November 20, 2011 by · Comments Off on 5 Second Rule 

5 Second Rule, You’ve probably heard of the five-second rule. It makes the dubious claim that if you drop food on the floor, it’s okay to pick it up and eat it if you do so within five seconds.

Katie Hydrick is a busy mom with four children. When food winds up on the floor, she employs the five-second rule.

“If they drop a plate of apples, I don’t want to cut a whole new apple. I’ll just give it back,” she said. Hydrick says all of her friends do it, too.

“If they just dropped it, I think ‘How much dirt could really be on it?'” she said.
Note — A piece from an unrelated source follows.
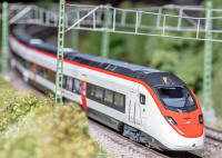 Vorbild : Elektrischer Hochgeschwindigkeits-Triebzug EC 250 als RABe 501 Giruno der Schweizerischen Bundesbahnen (SBB). 1 Endwagen A (Bt1),2. Klasse. 1 Mittelwagen F (B7), 2. Klasse, mit behindertengerechten Einstiegen und Stromabnehmer. 1 Mittelwagen G (WR6), mit Restaurant-Bereich. 1 Mittelwagen H (A5), 1. Klasse, mit Behinderten-Einstiegen und Stromabnehmer. 1 Endwagen L (At2), 1. Klasse. Mehrsystem-Triebzug. Nachbildung des EC 151, mit grenzüberschreitendem Zuglauf: Frankfurt/Main – Freiburg – Basel – Zürich – Milano Centrale. Zug-Nummer RABe 501 022, mit Wappen des Kantons Vaud. Betriebszustand um 2024. |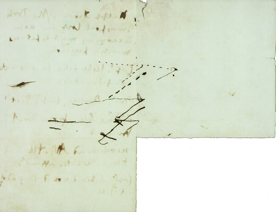Nelson e szóbeli eligazítás után, október 9-i dátummal, egy részletes írott memorandumot készített, s habár az ún. "Trafalgar Memorandum" kisebb részletkérdésekben eltér a tervtől, melyet Keats-nek felvázolt, lényege ugyanaz volt. Ebben egy három oszloppal végrehajtott támadással számolt, melyben egy oszlopot tartalékban tart, míg a másik kettő átvágja az ellenség csatasorát. A parancsnokhelyettes vezette oszlopnak az "...utóvédjüktől számított tizenkettedik hajó környékén kell áttörnie... az én vonalam a centrumuk környékén fog áttörni, az előretolt raj három vagy négy hajóval a centrumuk előtt... biztos vagyok benne hogy győzünk, mielőtt az ellenség élhajói utóvédjük segítségére siethetnének." [5] Következésképpen tehát Nelsonnak, 1805 őszére volt egy jó elgondolása arról, hogyan vívná meg elkövetkezendő csatáját - és elég biztos volt tervében ahhoz, hogy megvitassa s még szemléltesse is azt kollégáinak és barátainak. Korábbi csatáiról fennmaradt ugyan Nelson néhány vázlata, de ezek mindegyike az eseményeket követően vétetett papírra. [6] Egészen mostanáig, 1805-ös tervének egyetlen ismert, saját kezű ábrája egy egyszerű vázlat volt, mellyel a trafalgari memorandumot illusztrálta. De az szimplán csak a csata nyitányát ábrázolta - egy hosszú, az ellenséget ábrázoló vonal mentén meghúzott, három brit vonal - de nem szemléltette, taktikája hogyan bontakozna ki a továbbiakban. Mindamellett most, köszönhetően egy újkeletű felfedezésnek a National Maritime Museumban őrzött Nelson-iratok között, úgy láthatjuk Nelson 1805-ös haditervét, ahogyan azt Lord Sidmouth és a trafalgari kapitányok látták. Méghozzá a terv egy mostanában fellelt ábrája nyomán - s ezt majdnem bizonyosan maga Nelson rajzolta. A terv felfedezése A kutatás folyamatosan zajlik a National Maritime Museumban - sőt az összes többi nagyobb Nelson-archívumban az Egyesült Királyságban és külföldön - a Nelson Letters Project számára. [7] E munka eredményeképpen számos, mindezidáig publikálatlan Nelson-levél került azonosításra és átírásra. A kutatások folyamán egy nehezen olvasható, Nelson kézírásával írt feljegyzést is megvizsgáltak, melyek Nelson, idősebb bátyjához, Williamhez írt, és a Greenwich-i archívumban őrzött levélcsomójából kerültek elő (lásd 3. kép). [8] A feljegyzés olvasata: [9] Ralph Dixonnak a Doris szállítóhajóról, aki elvesztette egyik karját leveleim szállítása során, járadék szükséges. Kelwick kapitány fiának jóváhagyás szükséges. Mr. Buncenak, a Victory hajóácsának, egy időmérő Sir Andrew Hamondtól. Javasolni Mr. Atkinsont kikötőmesternek.[10] Lydiard kapitány örülne egy fregattnak

From pacifiers to crackers, Richards Laboratories of Utah decided to test some samples from her home. They dropped the items on her kitchen floor, then later, dropped other samples on the ground, and left them for five seconds.

“I’ve always got one asking for something or another, and I’m always carrying loads of their stuff and so things fall all the time,” said Hydrick.

The lab also tested a spot away from home, at a busy diner. They swabbed the pacifiers under the tables and dropped crackers on the floor.

Baffled diners wondered what they were doing, but did share their thoughts on the five-second rule.

“There is no way. The floor is filthy. I would never do that,” said one customer.

‘I think as long as I pick it up and there are no hairs on it, it’s good,” said another.

“Well, I would be torn. My dad told me never to waste food, but you just never know what’s on the ground,” said another customer.

The samples were put to the test.

“The kitchen was definitely the cleanest,” said Dan O’Brien, technical director at Richards Laboratories.

The crackers dropped on the kitchen floor showed light to moderate amounts of bacteria. The pacifiers showed light amounts of bacteria, along with yeast and mold.

The outside pavement contained not just bacteria. Heavy amounts of mold and yeast were present.